The deck swayed under Moon, and he thought his head was swimming. Then he realized the boat was lifting up from the water, heeling over as it rose in the air and turned back toward the city. “Did you kill the Fell?” he croaked.

“It’s in pieces,” Chime told him, jittery with relief. “The others are looking for its head. The cloud-walker just flew away, as fast as it could.”

Jade added, “The Fell was controlling it.” She turned abruptly to the Islander woman, who was being helped out of her harness by two sailors. “Anything you want, anything in our power to give, just ask.”

The woman was startled, looking from Jade to Moon. “It isn’t necessary. You drove the cloud-walker away.”

“It is necessary,” Chime hissed in Raksuran, and turned half away to look out over the sea. “That Fell was after us. It caught the cloud-walker last night, and followed us. Once it realized we must be here for the boats—”

“Yes, it followed us.” Jade turned back to him, her voice a low growl. “Pearl didn’t send it here.”

Moon wanted to argue, but just held on to the railing. A Fell ruler hadn’t decided to follow them on an off chance; it had known they had an important task, even if it wasn’t certain just what the task was. And someone had told it.

Chapter Eight

The flying boat took them up to the highest island, to a building of sun-warmed clay and reed-thatched roofs, made up of dozens of slim towers, balconies, and domed turrets. Moon was too sick to investigate how the boat worked, or enjoy the novel sensation of flying in comfort with something else to do all the work. The craft swung close to the turrets and dropped a gangplank.

Moon followed Chime and Jade as Endell-liani led them down onto the wide circle of the tower’s docking platform. The fresh wind was the only thing keeping him on his feet. Endell-liani told Jade, “This is the palace of the Gerent and the trading guilds. The rooms in this tower are for your use. You are our honored guests.”

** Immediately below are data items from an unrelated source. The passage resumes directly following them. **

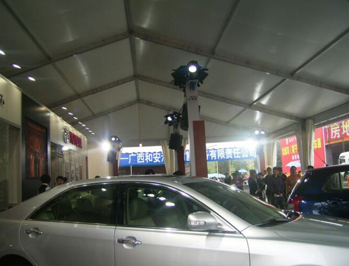 展覽篷房采用高強(qiáng)度鋁合金框架,雙面PVC涂層篷布,蓬內(nèi)無(wú)任-何支柱。蓬內(nèi)使用容量寬廣,大型篷房有10米到50米多種跨度,單元長(zhǎng)度有3米、5米兩種,并且有多種高度可供客戶(hù)選擇。
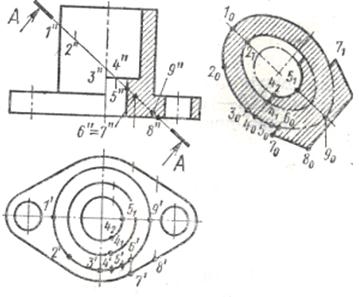 1. На главном изображении обозначают все точки, в которых линия пересечения А-А пересекает очерковые линии наружных и внутренних поверхностей предмета, а также осевые линии изображений (точки 1״, 2״,…8״, 9״). Точки отмечаем на передней части предмета, учитывая его симметричность относительно фронтальной плоскости, проходящей через ось цилиндрических поверхностей предмета. Сечение будет симметрично относительно линии 1090.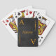 Customisez votre nom et initiale sur des cartes de jeu de bicyclette avec les milieux rouges, bleus, verts, noirs, de sarcelle d'hiver ou de cerise de faux de cuir (les photos du public domain)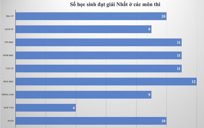 Kết quả các môn cụ thể là: Toán (02 giải Nhì, 04 giải Ba, 03 giải KK); Vật lý (04 giải Nhì, 01 giải Ba, 01 giải KK); Hóa học (01 giải Nhất, 04 giải Ba); Sinh học (01 giải Nhất, 01 giải Nhì, 03 giải Ba, 02 giải KK); Tin học (01 giải Nhì, 01 giải Ba, 04 giải KK); Ngữ văn (05 giải Ba, 03 giải KK); Lịch sử (01 giải Nhất, 05 giải Nhì, 02 giải Ba); Địa lý (03 giải Nhất, 05 giải Nhì, 01 giải Ba); Tiếng Anh (01 giải Nhất, 04 giải Nhì, 03 giải Ba); Tiếng Pháp (05 giải Nhì, 04 giải Ba, 01 giải KK) ; Tiếng Nga (02 giải Nhì, 02 giải KK); Tiếng Trung (02 giải Nhì, 01 giải Ba, 02 giải KK)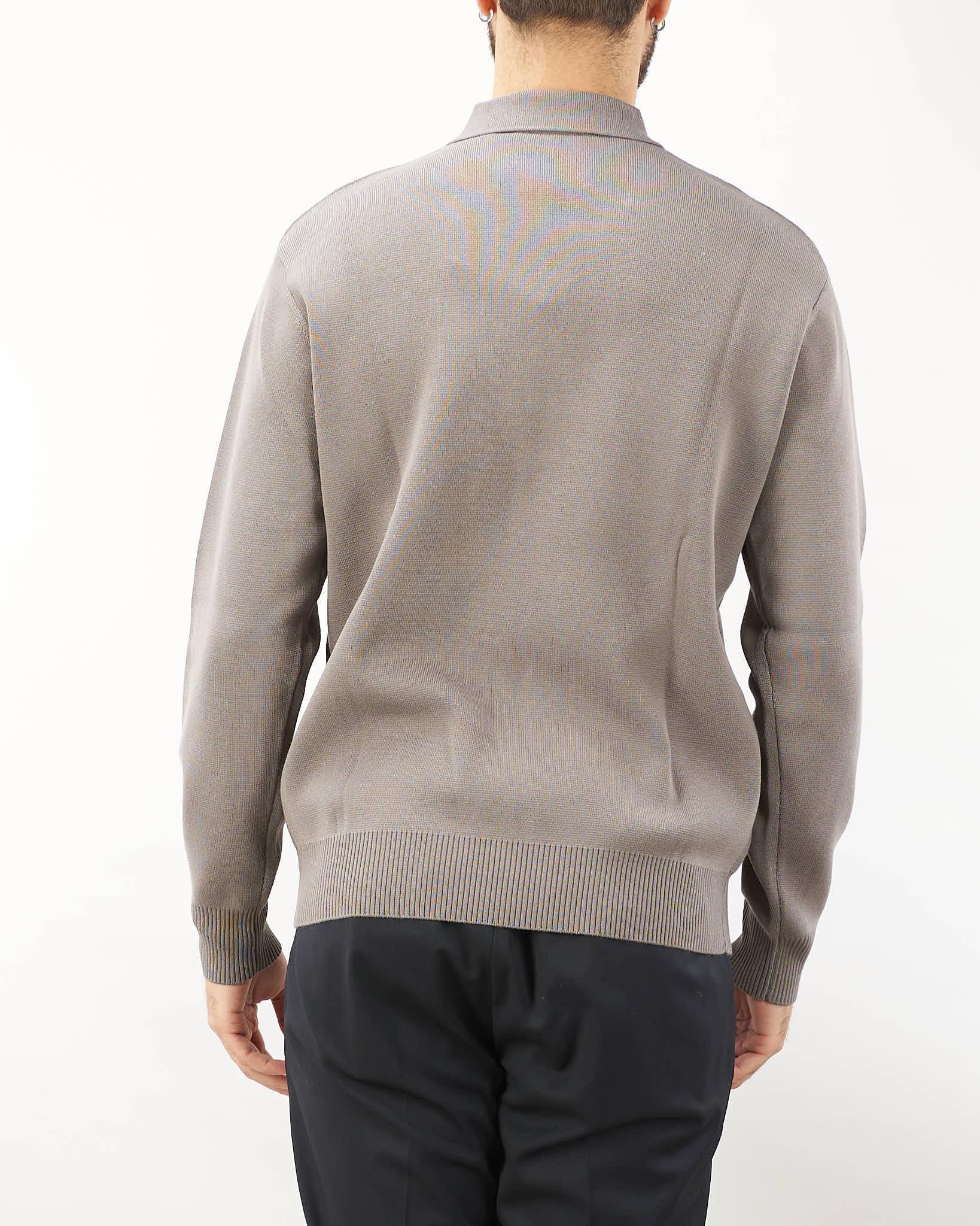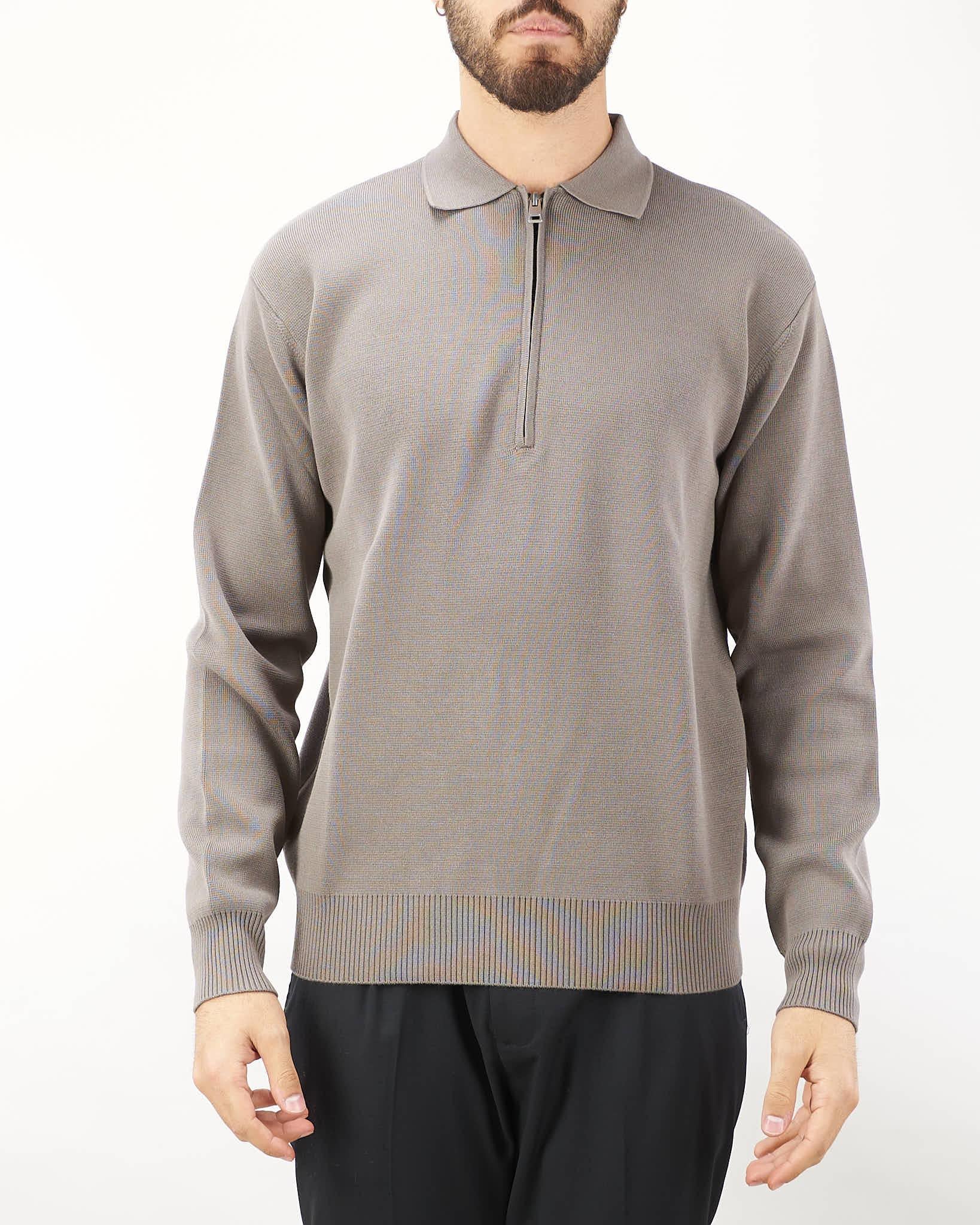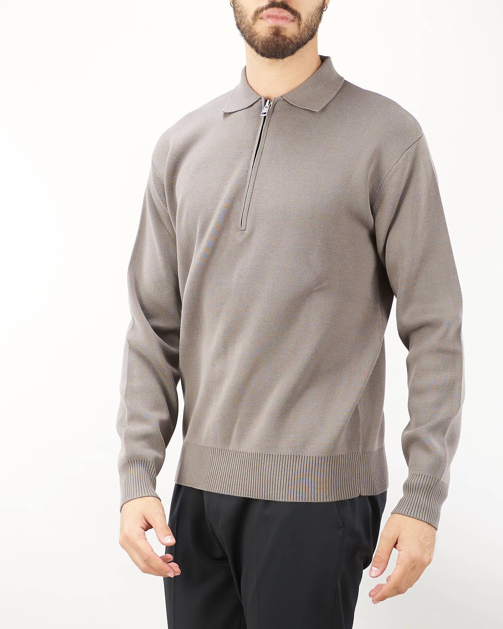 Polo in maglia di viscosa di Low Brand. Modello con colletto e zip, maniche lunghe. Fondo e polsini a costine. Relaxed fit.

As Jade thanked her, Balm, Branch, Root, and Song arrived in a noisy rush, landing on the platform with a clatter of claws against wood. Jade hissed them quiet and spoke to them in Altanic, so Endell-liani could follow the conversation. “Was that the only one?”

Balm shifted to groundling, the others following belatedly. “There was nothing else as far as we could see,” she said, breathless. “The cloud-walker is still heading out to sea, so fast we couldn’t catch up to it.”